• WHAT THE TASK REQUIRES:
Begin at the top of the records below and print each line exactly until the line containing "Und als letztes: die" has been printed; any pictures are to be left out.

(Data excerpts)
━━━━━━
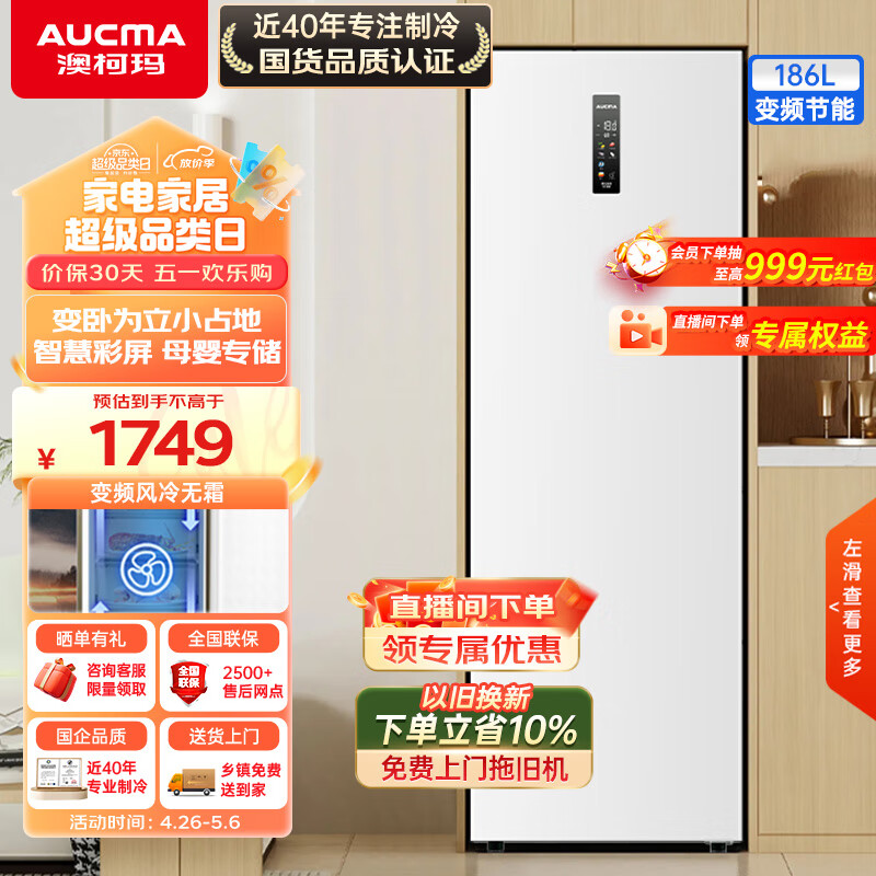澳柯玛(AUCMA)186升立式冰柜家用双变频风冷无霜 冻藏两用抽屉式冰柜 母乳小冷柜 以旧换新 星辉白 BD-186WPHNXI价格:1749.00元!
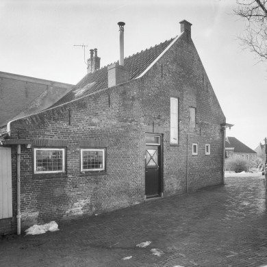 Kosterij Herv. kerk. Eenvoudig pand onder dwars zadeldak tussen topgevels. In de zijgevel is een grote steen met afbeelding van de nabijgelegen kerk geplaatst.
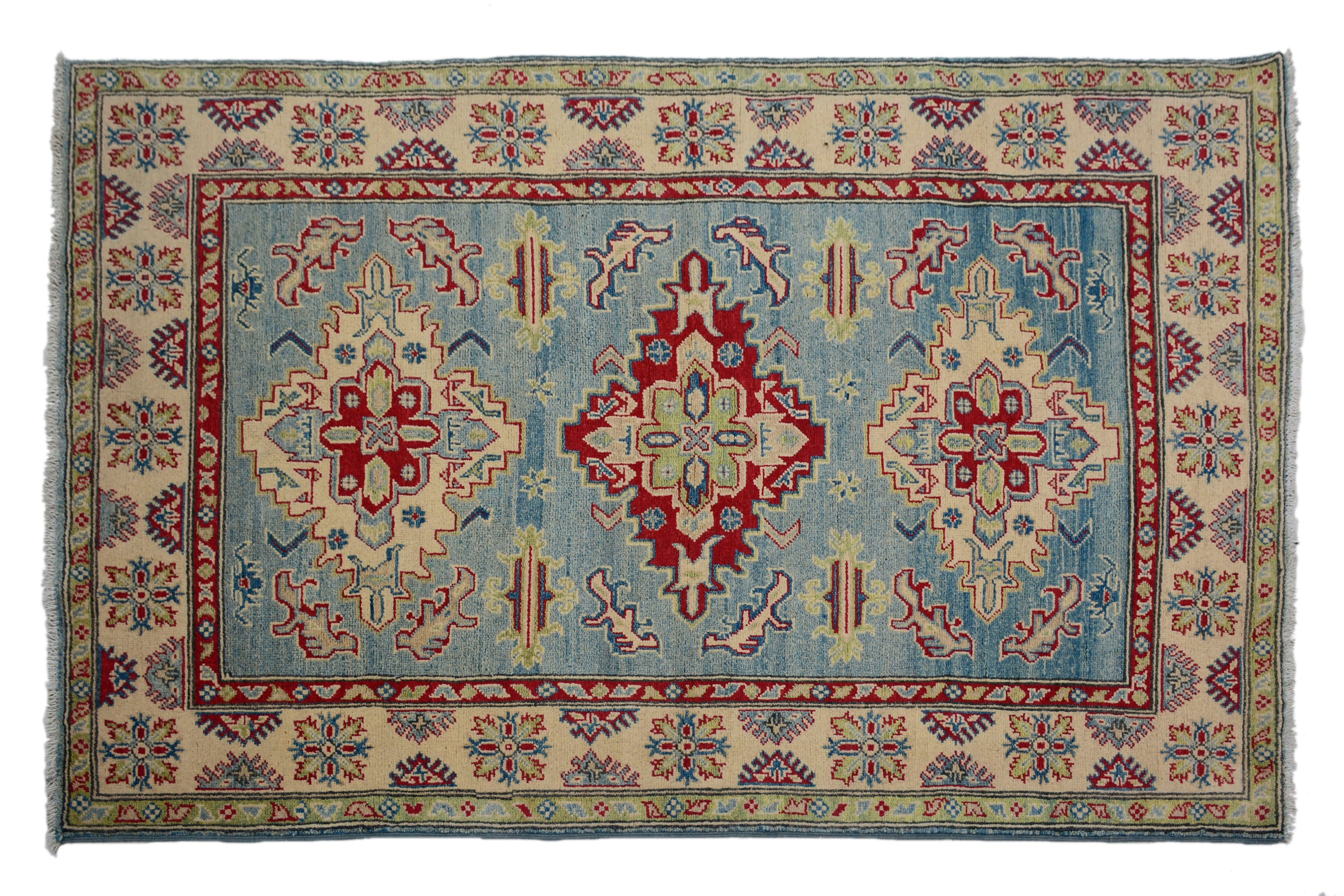 About Kazak Rug: Kazak rugs originated from the western area of the Caucasus and are now mainly made by Kazakhs in Afghanistan and Pakistan. Kazak rugs should not be confused with the state of Kazakstan. Kazak rugs, like many Caucasian designs, are dominated by highly stylized floral motifs. Kazak rugs are durable, with a relatively short pile, and easily fit into modern decor. Kazak rugs with unique geometric patterns, balanced colours and exceptional craftsmanship will create a captivating and culturally rich atmosphere in your space.
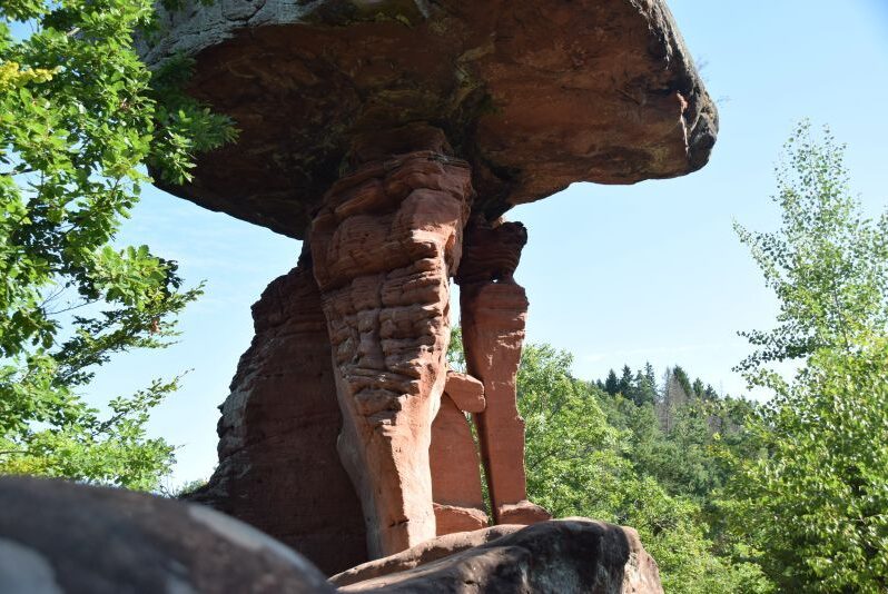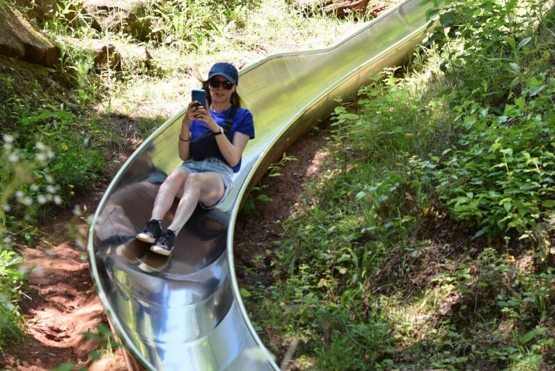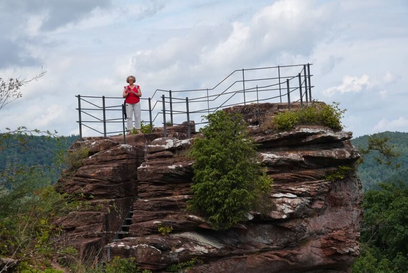 Und als letztes: die Wanderungen, ja, Mehrzahl – das Dahner Felsenland ist ein echtes Wanderland und so haben wir uns zweimal zum Wandern durchgerungen, beide Wege voll mit roten Felssäulen, roten Burgen, Teufelstischen – manchmal verläuft man sich und geht den steilsten Weg den man finden kann – oder man stürzt direkt am Anfang der Wanderung, und läuft alles mit dickem Fuss weiter – auch längere Metallrutschen am Ende einer Tour können zum echten (Verbrennungs-)Problem werden.
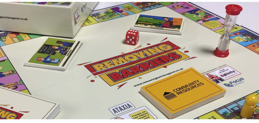 I’ve also created artwork and illustrations for use by individuals, including disabled Disabled Equality Trainers and disabled writers and artists. One example is a board game devised by Toyah Wordsworth and called Removing Barriers.
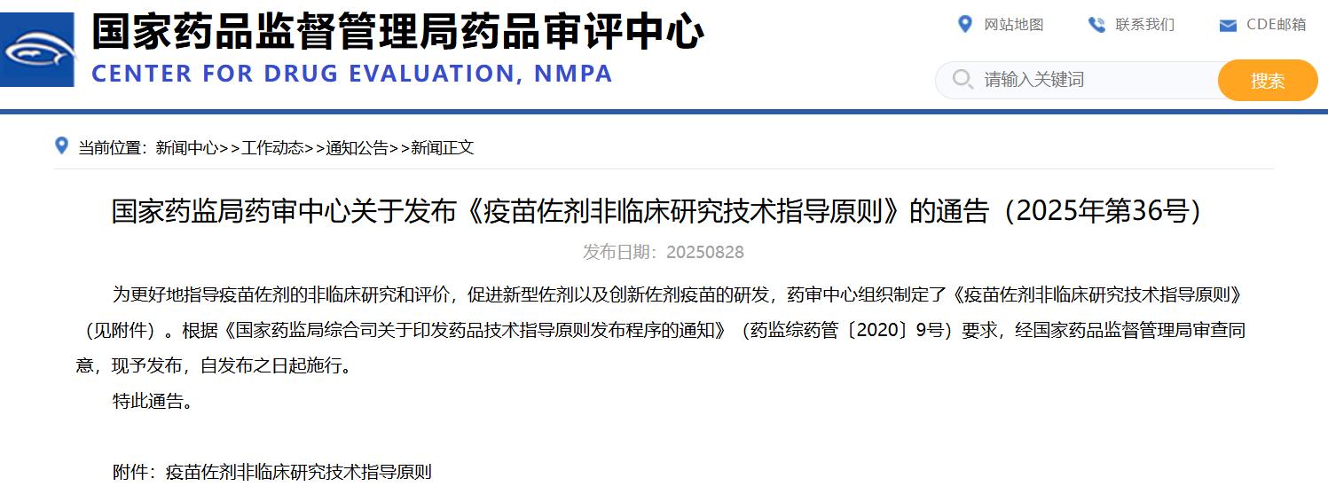 国家药监局药审中心关于发布《疫苗佐剂非临床研究技术指导原则》的通告(2025年第36号)
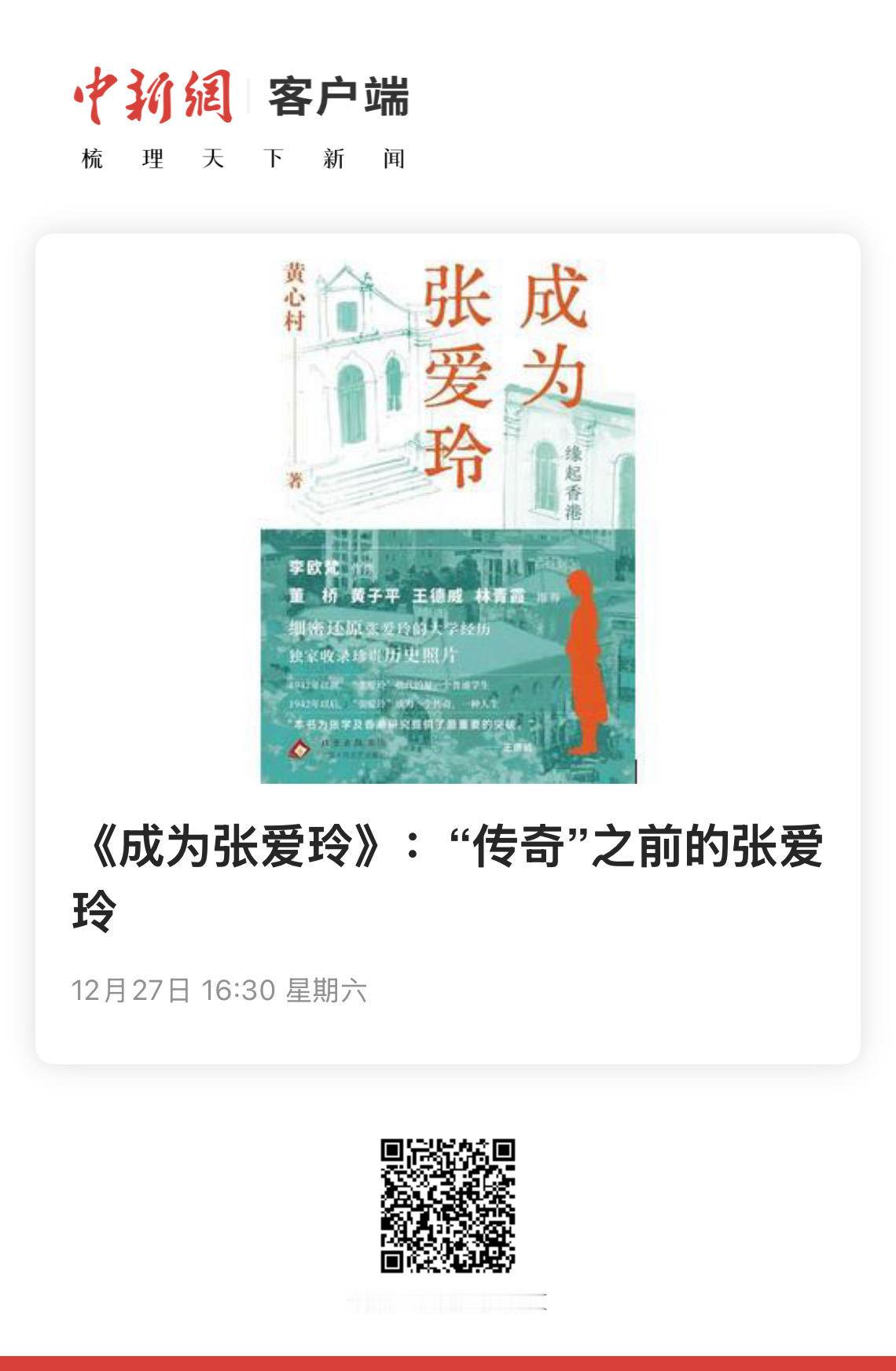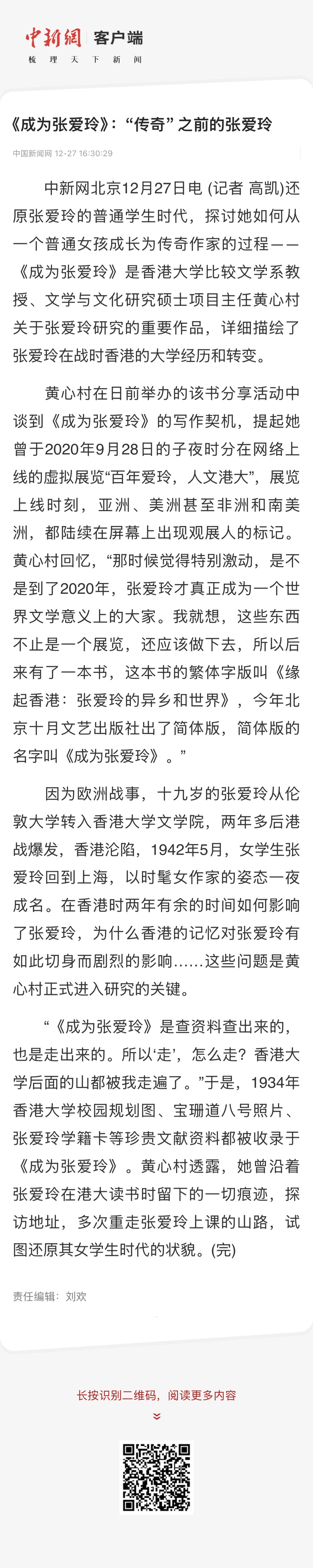 【 《成为张爱玲》:“传奇”之前的张爱玲】 (中国新闻网 2025年12月27日 星期六) 中新网北京12月27日报道: 还原张爱玲的普通学生时代,探讨她如何从一个普通女孩成长为传奇作家的过程——《成为张爱玲》是香港大学比较文学系教授、文学与文化研究硕士项目主任黄心村关于张爱玲研究的重要作品,详细描绘了张爱玲在战时香港的大学经历和转变。 黄心村在日前举办的该书分享活动中谈到《成为张爱玲》的写作契机,提起她曾于2020年9月28日的子夜时分在网络上线的虚拟展览“百年爱玲,人文港大”,展览上线时刻,亚洲、美洲甚至非洲和南美洲,都陆续在屏幕上出现观展人的标记。黄心村回忆,“那时候觉得特别激动,是不是到了2020年,张爱玲才真正成为一个世界文学意义上的大家。我就想,这些东西不止是一个展览,还应该做下去,所以后来有了一本书,这本书的繁体字版叫《缘起香港:张爱玲的异乡和世界》,今年北京十月文艺出版社出了简体版,简体版的名字叫《成为张爱玲》。” 因为欧洲战事,十九岁的张爱玲从伦敦大学转入香港大学文学院,两年多后港战爆发,香港沦陷,1942年5月,女学生张爱玲回到上海,以时髦女作家的姿态一夜成名。在香港时两年有余的时间如何影响了张爱玲,为什么香港的记忆对张爱玲有如此切身而剧烈的影响……这些问题是黄心村正式进入研究的关键。 “《成为张爱玲》是查资料查出来的,也是走出来的。所以‘走’,怎么走?香港大学后面的山都被我走遍了。”于是,1934年香港大学校园规划图、宝珊道八号照片、张爱玲学籍卡等珍贵文献资料都被收录于《成为张爱玲》。黄心村透露,她曾沿着张爱玲在港大读书时留下的一切痕迹,探访地址,多次重走张爱玲上课的山路,试图还原其女学生时代的状貌。 ()网页链接
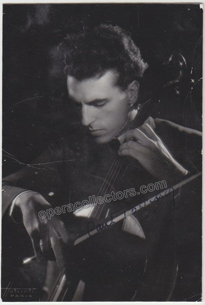 Famous French cellist and composer (1914-1990), signed photo showing him in performance, on double weight paper, 4 x 6 inches. Minor cracks on front, otherwise in great condition
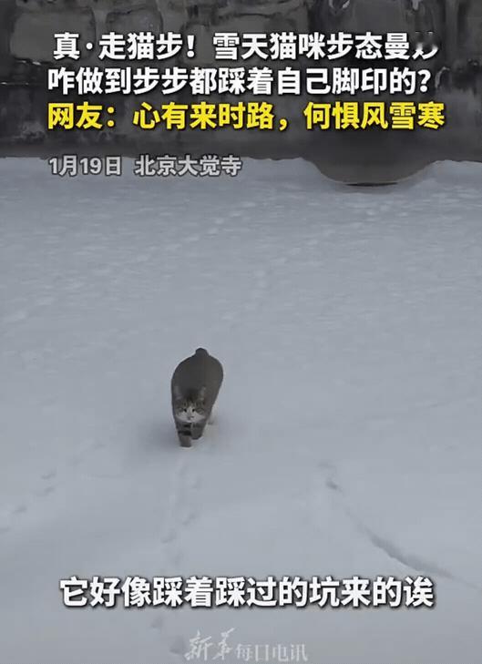“解释不清了!”北京大觉寺,一场大雪过后,一只小猫走进雪地中。它步态曼妙,就像一名时装表演的模特,最神奇的是,它每一步都精准地踩在原来留下的脚印中。 前几天北京下了一场大雪,在北京大觉寺内,有一只流浪猫,曼妙的步态让人印象深刻。最神奇的是它每一步都精准地踩在原来留下的脚印中。 这小猫太聪明了!查了一下资料才知道,猫的智商相当于2-3岁的儿童。小猫的这个举动,大概率藏着本能的智慧。雪地里的积雪又冷又深,对于体型小巧的猫咪来说,重新踩进自己留下的脚印里,既能避开深雪的阻碍,又能减少脚掌直接接触冰雪的寒冷,这是小动物适应环境的聪明办法。看着小猫曼妙的步态,真是温暖又治愈。 雪地里的小猫不懂什么大道理,但它用最本能、最可爱的行为,给我们上了生动的一课:顺应自然、珍惜过往、专注当下,就能在生活的“雪地”里,走出一条既稳妥又曼妙的道路。
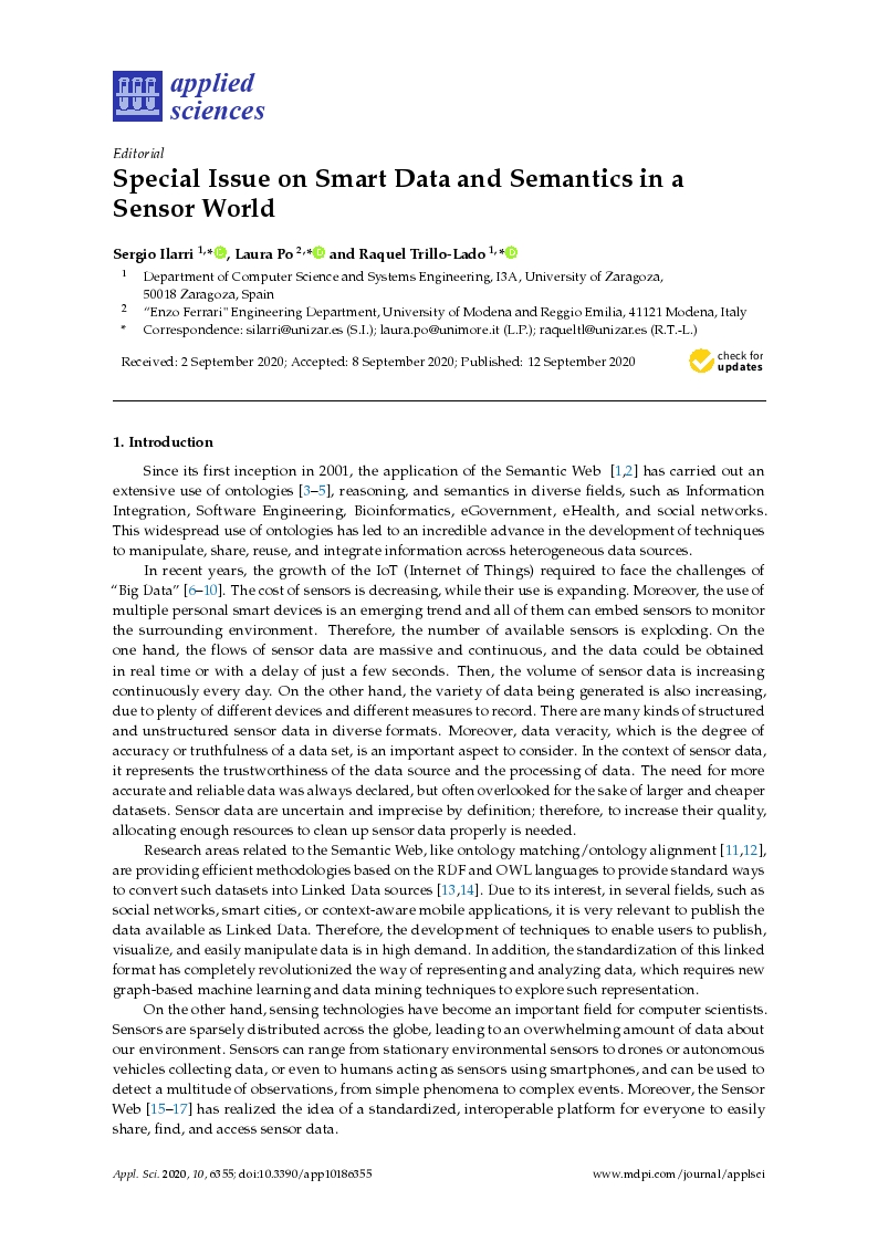 Since its first inception in 2001, the application of the Semantic Web [1, 2] has carried out an extensive use of ontologies [3–5], reasoning, and semantics in diverse fields, such as Information Integration, Software Engineering, Bioinformatics, eGovernment, eHealth, and social networks. This widespread use of ontologies has led to an incredible advance in the development of techniques to manipulate, share, reuse, and integrate information across heterogeneous data sources. In recent years, the growth of the IoT (Internet of Things) required to face the challenges of “Big Data” [6–10]. The cost of sensors is decreasing, while their use is expanding. Moreover, the use of multiple personal smart devices is an emerging trend and all of them can embed sensors to monitor the surrounding environment. Therefore, the number of available sensors is exploding. On the one hand, the flows of sensor data are massive and continuous, and the data could be obtained in real time or with a delay of just a few seconds. Then, the volume of sensor data is increasing continuously every day. On the other hand, the variety of data being generated is also increasing, due to plenty of different devices and different measures to record. There are many kinds of structured and unstructured sensor data in diverse formats. Moreover, data veracity, which is the degree of accuracy or truthfulness of a data set, is an important aspect to consider. In the context of sensor data, it represents the trustworthiness of the data source and the processing of data. The need for more accurate and reliable data was always declared, but often overlooked for the sake of larger and cheaper... Idioma: Inglés DOI: 10.3390/app10186355 Año: 2020 Publicado en: APPLIED SCIENCES-BASEL 10, 18 (2020), 6355 [4 pp] ISSN: 2076-3417 Factor impacto JCR: 2.679 (2020) Categ. JCR: PHYSICS, APPLIED rank: 73 / 160 = 0.456 (2020) - Q2 - T2 Categ. JCR: ENGINEERING, MULTIDISCIPLINARY rank: 38 / 91 = 0.418 (2020) - Q2 - T2 Categ. JCR: CHEMISTRY, MULTIDISCIPLINARY rank: 101 / 178 = 0.567 (2020) - Q3 - T2 Categ. JCR: MATERIALS SCIENCE, MULTIDISCIPLINARY rank: 201 / 333 = 0.604 (2020) - Q3 - T2 Factor impacto SCIMAGO: 0.435 - Computer Science Applications (Q2) - Engineering (miscellaneous) (Q2) - Process Chemistry and Technology (Q2) - Instrumentation (Q2) - Materials Science (miscellaneous) (Q2) - Fluid Flow and Transfer Processes (Q2)
━━━━━━
• COMPLETED TASK:
澳柯玛(AUCMA)186升立式冰柜家用双变频风冷无霜 冻藏两用抽屉式冰柜 母乳小冷柜 以旧换新 星辉白 BD-186WPHNXI价格:1749.00元!
 Kosterij Herv. kerk. Eenvoudig pand onder dwars zadeldak tussen topgevels. In de zijgevel is een grote steen met afbeelding van de nabijgelegen kerk geplaatst.
 About Kazak Rug: Kazak rugs originated from the western area of the Caucasus and are now mainly made by Kazakhs in Afghanistan and Pakistan. Kazak rugs should not be confused with the state of Kazakstan. Kazak rugs, like many Caucasian designs, are dominated by highly stylized floral motifs. Kazak rugs are durable, with a relatively short pile, and easily fit into modern decor. Kazak rugs with unique geometric patterns, balanced colours and exceptional craftsmanship will create a captivating and culturally rich atmosphere in your space.
 Und als letztes: die Wanderungen, ja, Mehrzahl – das Dahner Felsenland ist ein echtes Wanderland und so haben wir uns zweimal zum Wandern durchgerungen, beide Wege voll mit roten Felssäulen, roten Burgen, Teufelstischen – manchmal verläuft man sich und geht den steilsten Weg den man finden kann – oder man stürzt direkt am Anfang der Wanderung, und läuft alles mit dickem Fuss weiter – auch längere Metallrutschen am Ende einer Tour können zum echten (Verbrennungs-)Problem werden.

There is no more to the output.